Sunday, February 19, 2012

Motherhood is not analagous to priesthood

I've often found that people are uncomfortable answering a question with "I don't know." Instead, when faced with a question they don't know the answer to, they try to come up with something plausible sounding. I think that's what people are doing when they posit that the reason that women don't hold the priesthood is because they get to be mothers.

This analogy breaks down on further analysis, though. Motherhood is not some grand female priesthood equivalent. The priesthood is available to all righteous male members of the church beginning at age twelve. No particular familial status or other life circumstance is required. Motherhood, on the other hand, has no connection to righteousness. There are faithful women who, either through biology or life circumstance, will never be mothers. And there are plenty of unfaithful women who will have that opportunity.

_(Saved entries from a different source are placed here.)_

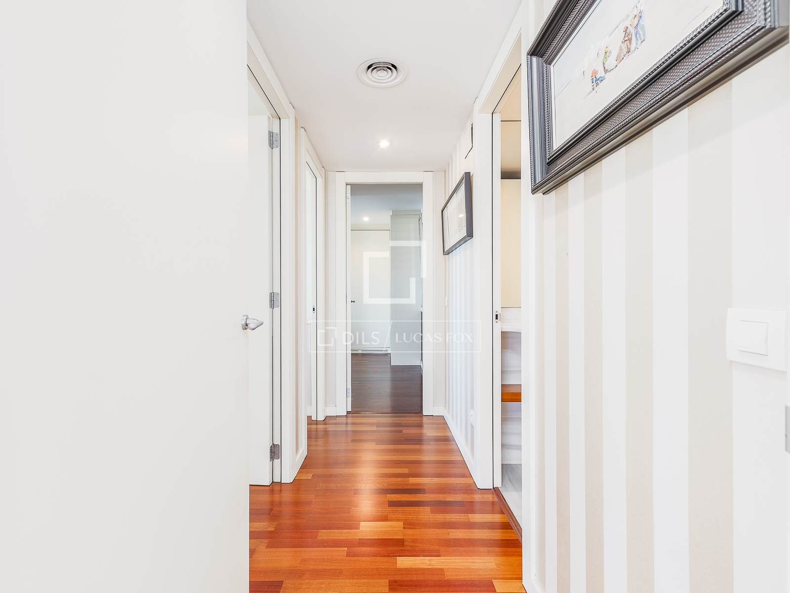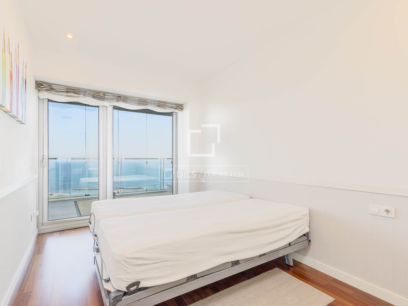 La propietat es troba a la planta alta de l'edifici Illa de la Llum de Diagonal Mar (Barcelona), un enclavament que ofereix luxe i comoditat. Compte amb tres dormitoris dobles, dos banys (un en suite), cuina completa, saló espaiós, bugaderia i terrassa amb vistes al mar ia la ciutat.
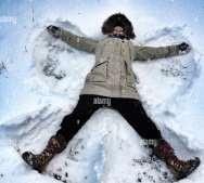 8. Ahora nos colocamos los globos en las muñecas de y dejamos a un lado el palo, y con los brazos vamos a llevarlos arriba como si estuviéramos haciendo un ángel de nieve.
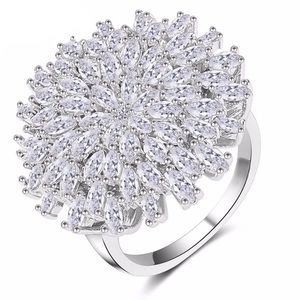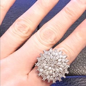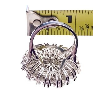 925 SilverPlated White Sapphire Chrysanthemum Ring: stunning is an understatement! This statement ring truly makes an impact with its many sparkling natural white sapphires in the shape of a large chrysanthemum flower. Lead and nickel free.
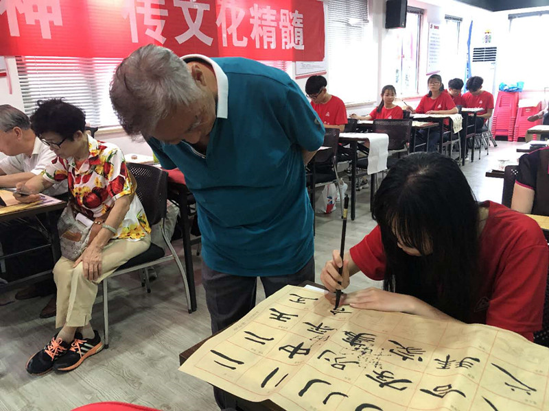 上午的活动由社区一支有名的书法老人队伍来教志愿者练习书法,书法班的老人的字是成年累月的象征,一笔笔铿锵有力。老人与志愿者们听着讲台上书法班创始人传授书法知识的同时也兴致勃勃的拿起了毛笔在宣纸上一笔一划,轻重有度的写着行云流水的字体。书法活动结束后,志愿者受到了笔酣墨饱的书法老人的夸奖,现场其乐融融。
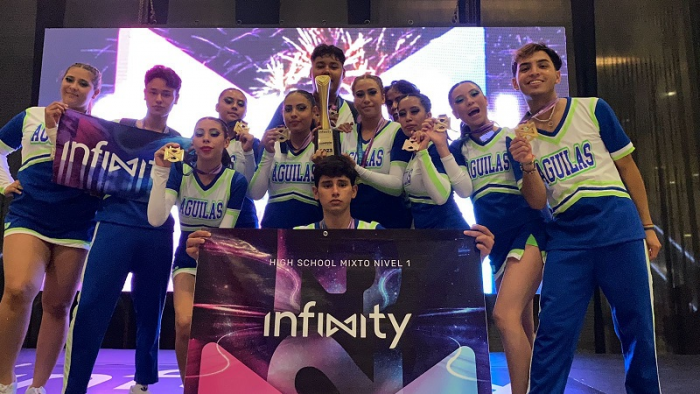 El grupo de porristas de la Preparatoria Estatal Maestros Mexicanos No.8422, integrado por 7 alumnas y 5 alumnos, obtuvo el primer lugar en la XVIII edición del Campeonato Nacional Infinity 2023, competencia que se realiza de manera anual por ASMEX Cheer & Dance.
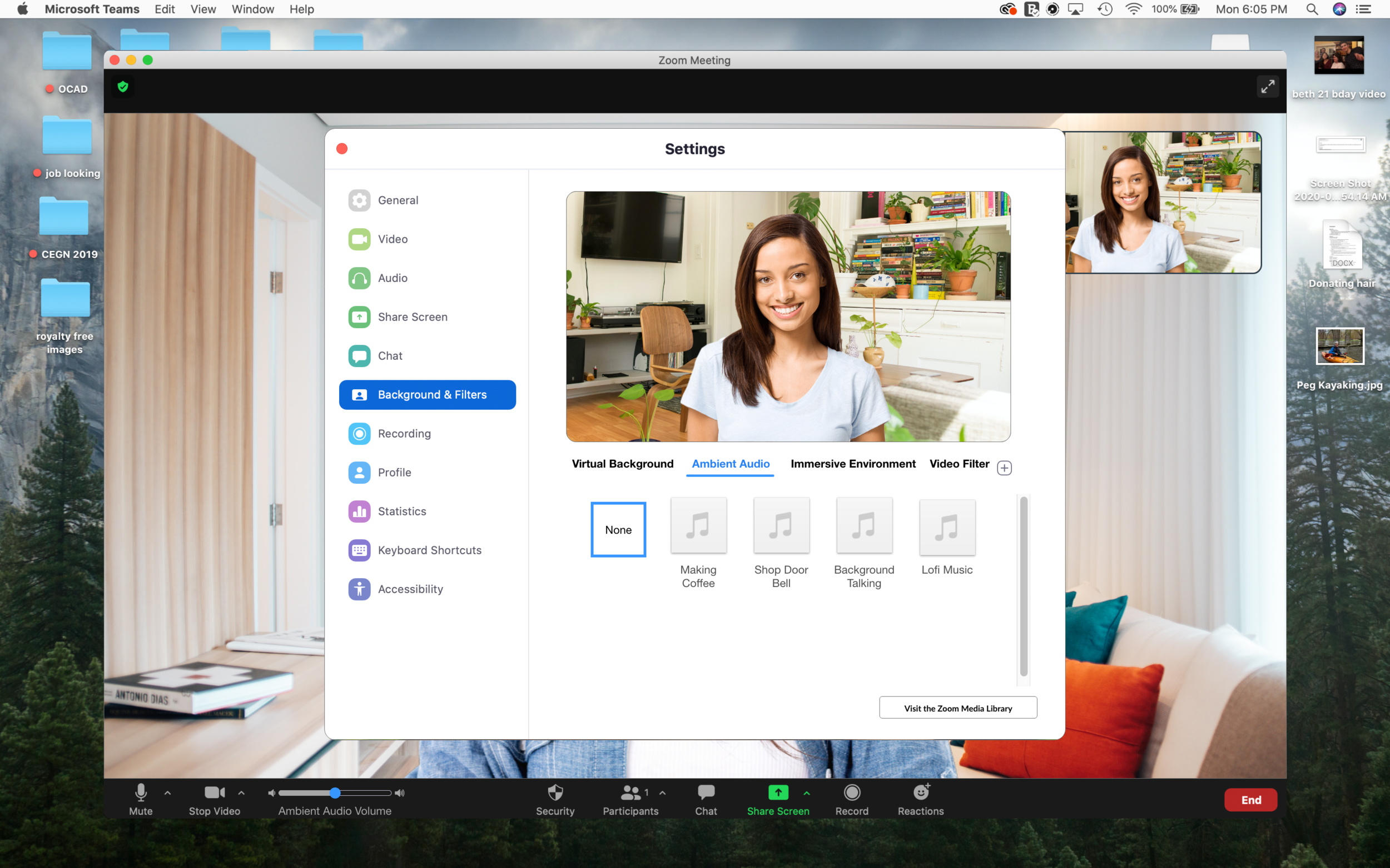 Create custom online environments by combining virtual backgrounds with audio mixes all within Zoom.

This leads to another bad rhetorical move. In realization of the fact that not all women will bear and raise children, some people posit that all women are mothers simply by virtue of being female, and that whatever women do is a manifestation of motherhood. This devalues the very real sacrifice that mothers do make. By reducing motherhood to femaleness, the hardship of gestation and child rearing is swept aside as just a fact of life. It also devalues the lives of women who aren't mothers by saying that what they're doing with their lives is somehow less-than and needs to be called "motherhood" in order to be worth anything.

Motherhood is analagous to fatherhood. Female parenting and male parenting. Priesthood is analagous to... I don't know. I await the revelation that answers that question.

Sunday, February 12, 2012

Saved by Grace

Wherefore, how great the importance to make these things known unto the inhabitants of the earth, that they may know that there is no flesh that can dwell in the presence of God, save it be through the merits, and mercy, and grace of the Holy Messiah.
2 Nephi 2:8
Last night, I attended the adult session of stake conference. The visiting general authority concluded the meeting with a sermon on grace. He said that in the church, we don't preach grace enough. I agree. I wish we heard more about grace; it's the central point of the Gospel. More than that, it is the Gospel. We can't save ourselves. Only God can do that.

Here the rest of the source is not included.